# Prompt
Output the listing word for word, minus pictures.

# Information shown
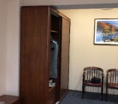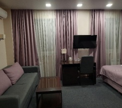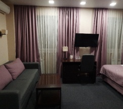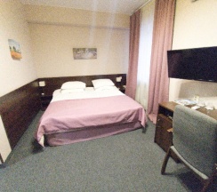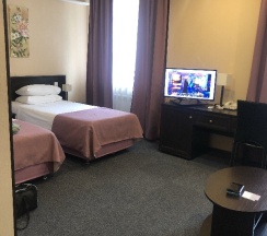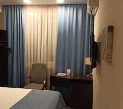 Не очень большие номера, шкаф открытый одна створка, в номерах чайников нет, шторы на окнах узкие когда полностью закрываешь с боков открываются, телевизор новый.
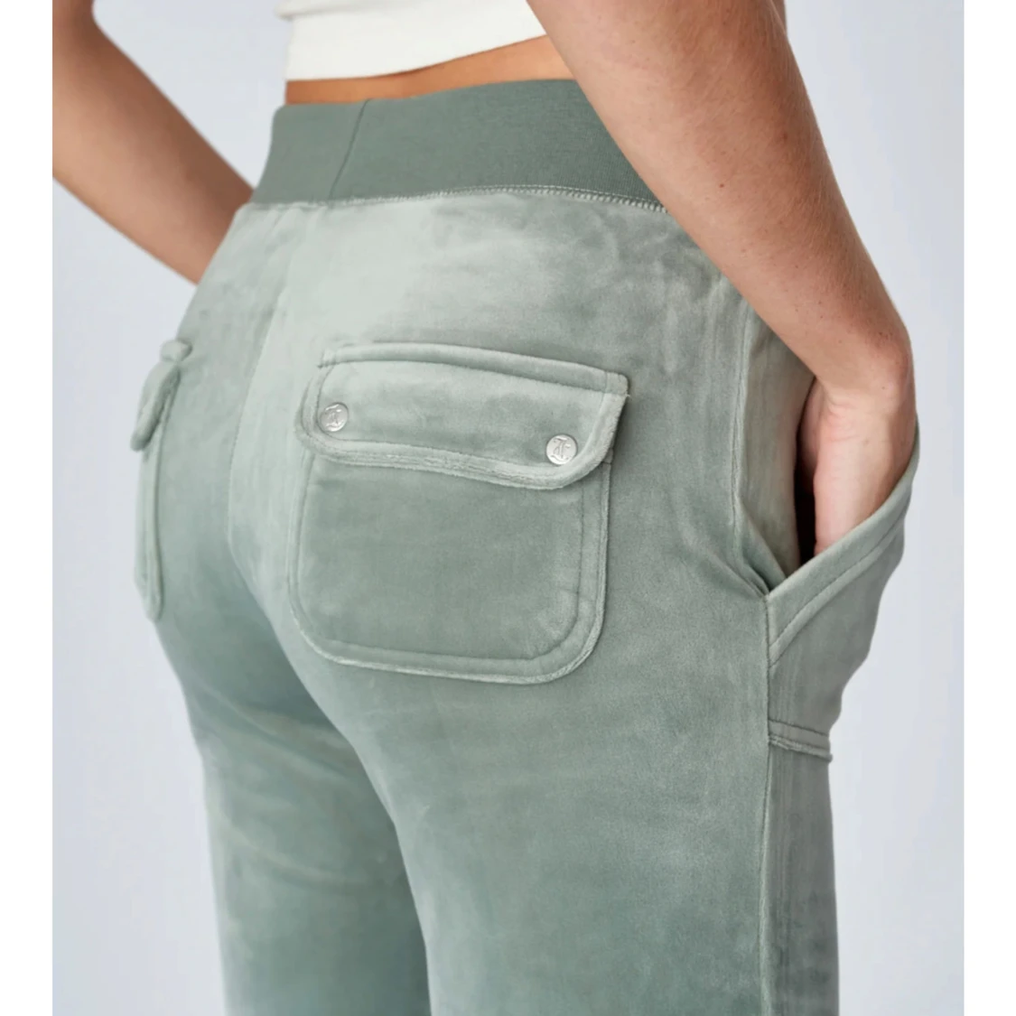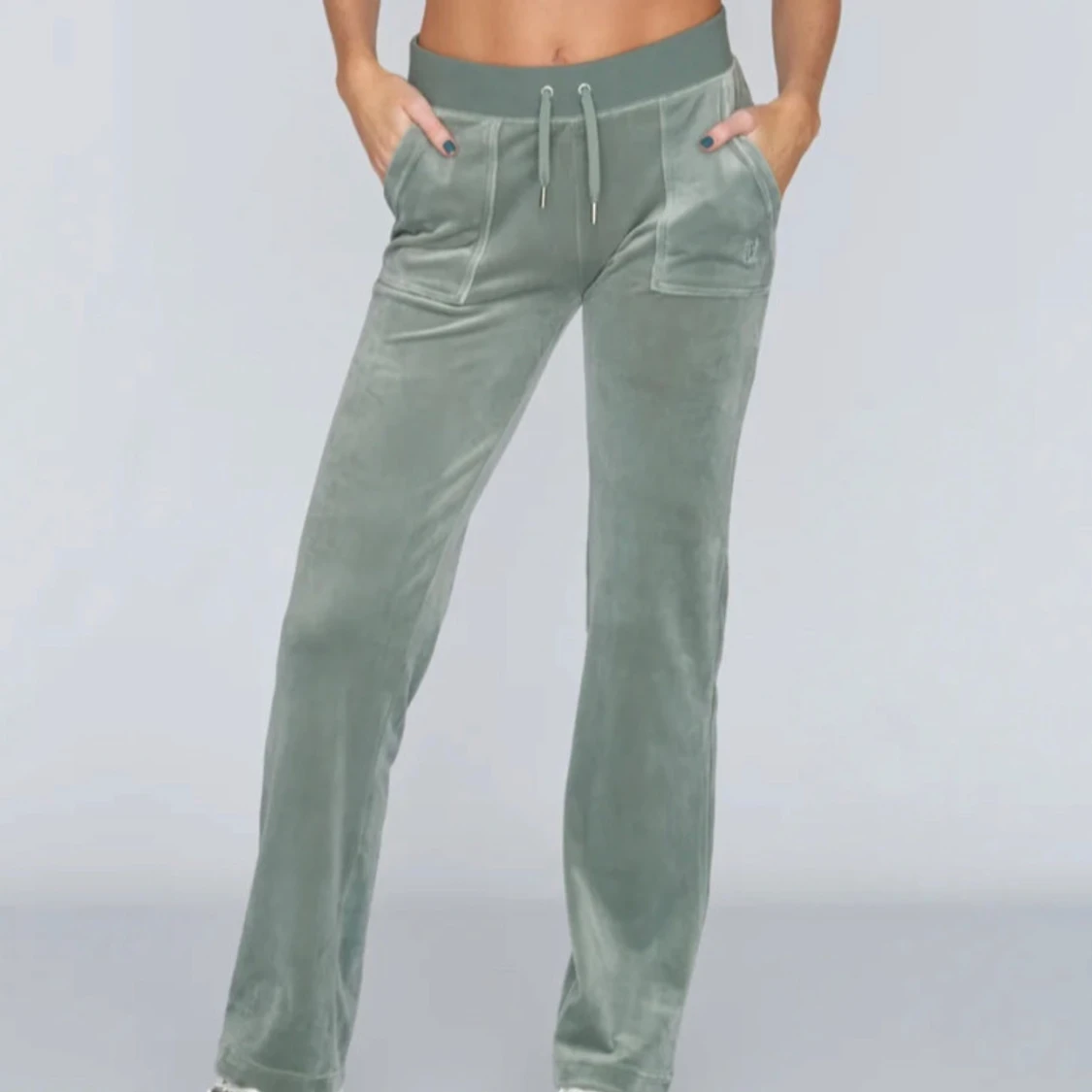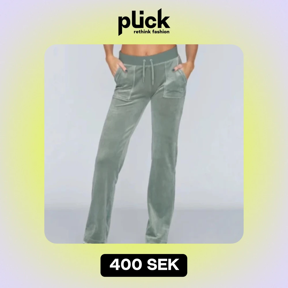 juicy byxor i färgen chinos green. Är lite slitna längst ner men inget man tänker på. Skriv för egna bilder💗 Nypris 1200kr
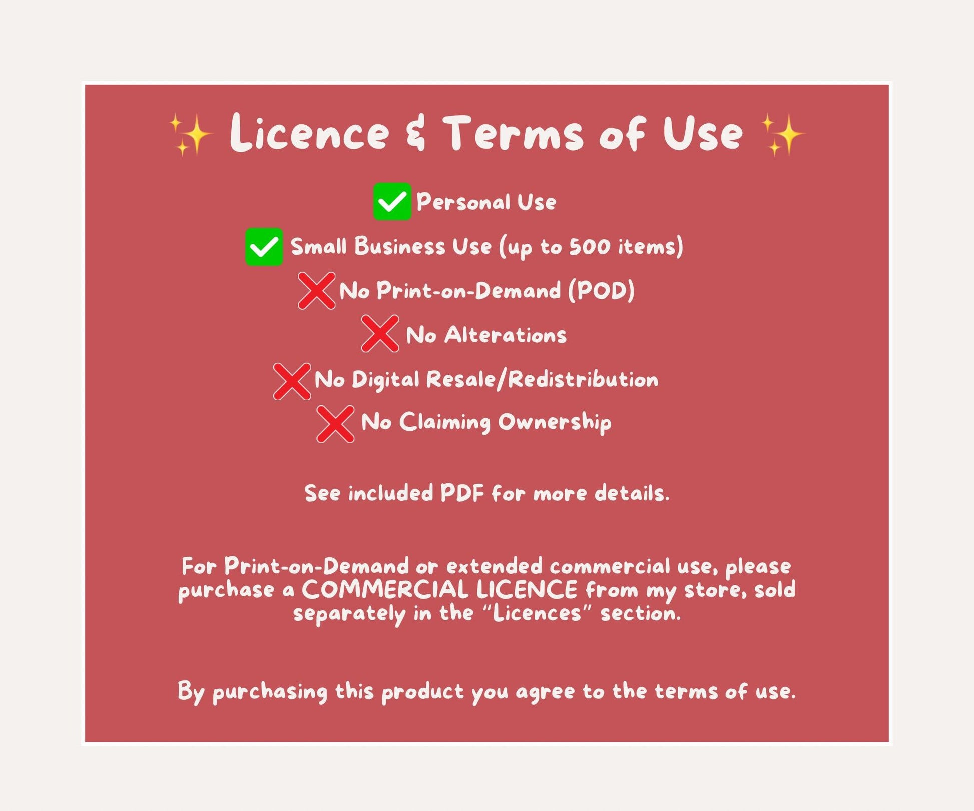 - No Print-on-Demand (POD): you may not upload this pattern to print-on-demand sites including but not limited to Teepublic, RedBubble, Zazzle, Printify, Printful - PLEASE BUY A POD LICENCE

# Answer space
 Не очень большие номера, шкаф открытый одна створка, в номерах чайников нет, шторы на окнах узкие когда полностью закрываешь с боков открываются, телевизор новый.
 juicy byxor i färgen chinos green. Är lite slitna längst ner men inget man tänker på. Skriv för egna bilder💗 Nypris 1200kr
 - No Print-on-Demand (POD): you may not upload this pattern to print-on-demand sites including but not limited to Teepublic, RedBubble, Zazzle, Printify, Printful - PLEASE BUY A POD LICENCE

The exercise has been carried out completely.